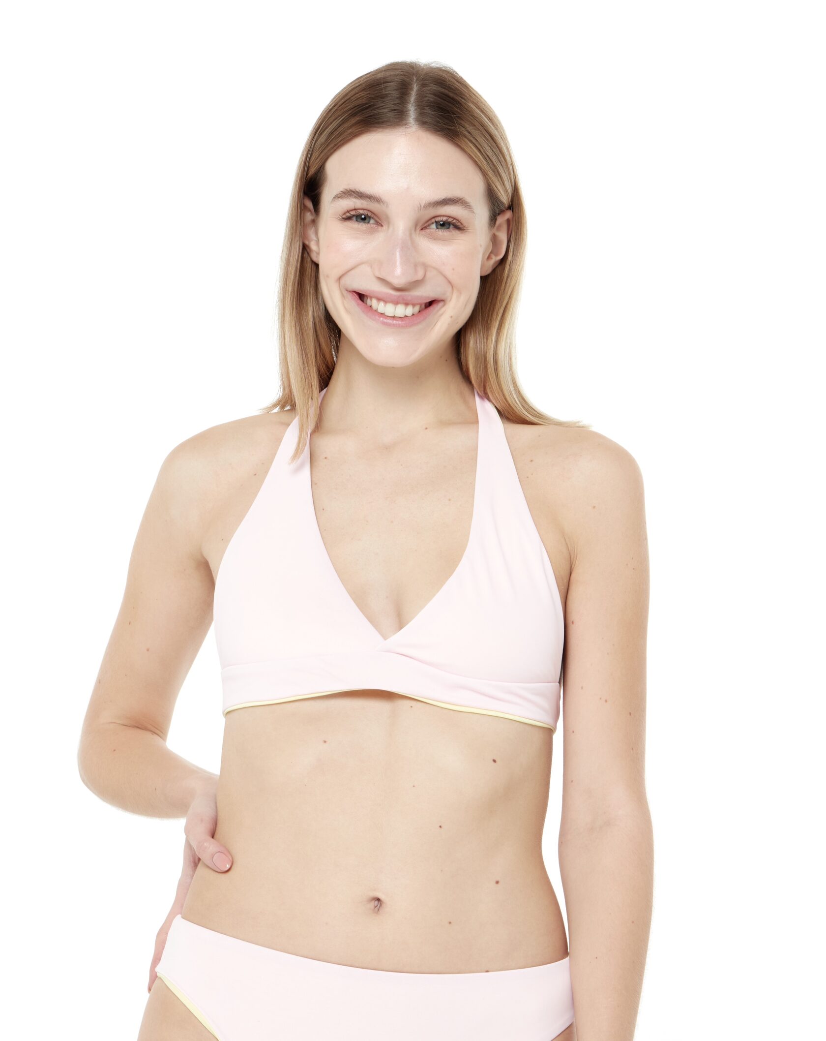 Двусторонний купальник- это два в одном. С одной стороны сливочный, а с другой - розовый. Да-да, его можно перевернуть и носить другой стороной!
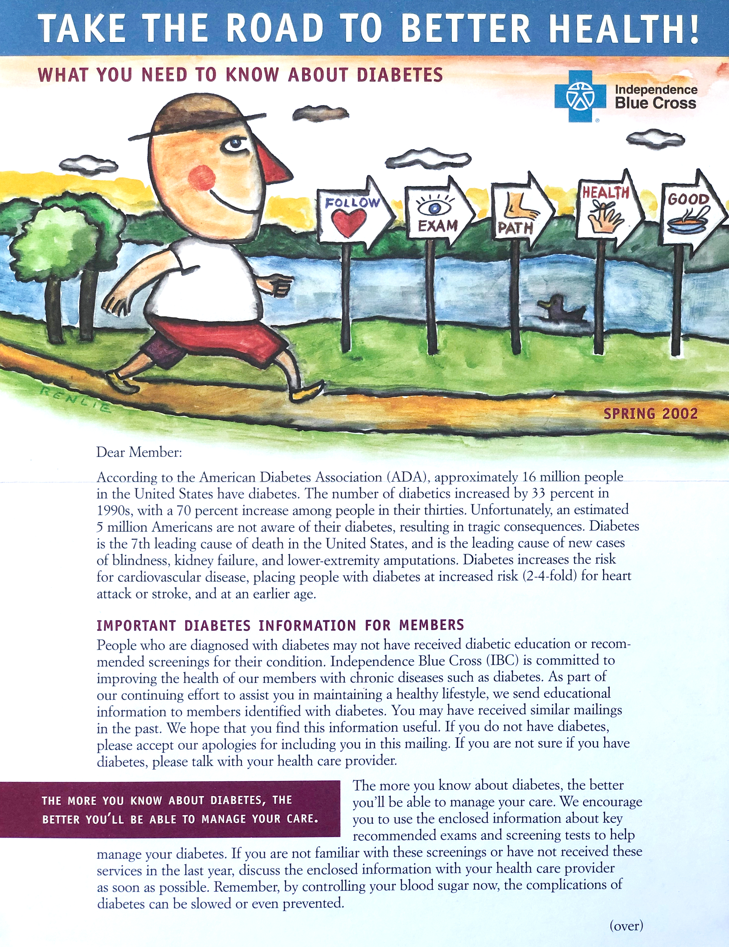 Graphic Design — I used the concept of a path with signs to help guide health information for Independence Blue Cross members .
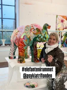 Jeg er både taknemmelig og stolt over at kunne give min personlige fortolkning og male på en elefant til fordel for Psykiatrifondens arbejde for mennesker, der lever med psykisk sygdom. Det er et vigtigt formåll. Og for mig langt mere end et kunstprojekt.
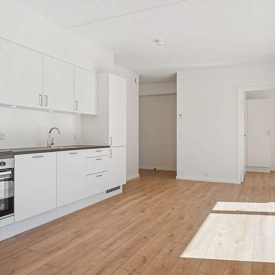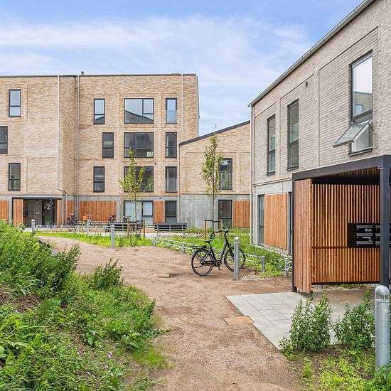 Lejlighederne kommer med forskellige planløsninger. Nogle lejligheder har en lille entré, og i andre lejligheder træder man direkte ind i køkken-alrummet. Du får et godt og funktionelt indrettet badeværelse med separat bruseniche og vaskesøjle med kombineret vaskemaskine og tørretumbler. Alt afhængig af lejlighedens størrelse er der 1 til 3 separate værelser udover køkken-alrummet. Der er depotrum tilgængeligt i næsten alle lejemål bortset fra otte boliger, hvor depotrummet er udenfor lejemålet. Alle lejlighederne i stueetagen har egen terr...

━━━━

Return an exact transcription of the material, with its pictures left out.

EXPECTED OUTPUT —
 Двусторонний купальник- это два в одном. С одной стороны сливочный, а с другой - розовый. Да-да, его можно перевернуть и носить другой стороной!
 Graphic Design — I used the concept of a path with signs to help guide health information for Independence Blue Cross members .
 Jeg er både taknemmelig og stolt over at kunne give min personlige fortolkning og male på en elefant til fordel for Psykiatrifondens arbejde for mennesker, der lever med psykisk sygdom. Det er et vigtigt formåll. Og for mig langt mere end et kunstprojekt.
 Lejlighederne kommer med forskellige planløsninger. Nogle lejligheder har en lille entré, og i andre lejligheder træder man direkte ind i køkken-alrummet. Du får et godt og funktionelt indrettet badeværelse med separat bruseniche og vaskesøjle med kombineret vaskemaskine og tørretumbler. Alt afhængig af lejlighedens størrelse er der 1 til 3 separate værelser udover køkken-alrummet. Der er depotrum tilgængeligt i næsten alle lejemål bortset fra otte boliger, hvor depotrummet er udenfor lejemålet. Alle lejlighederne i stueetagen har egen terr...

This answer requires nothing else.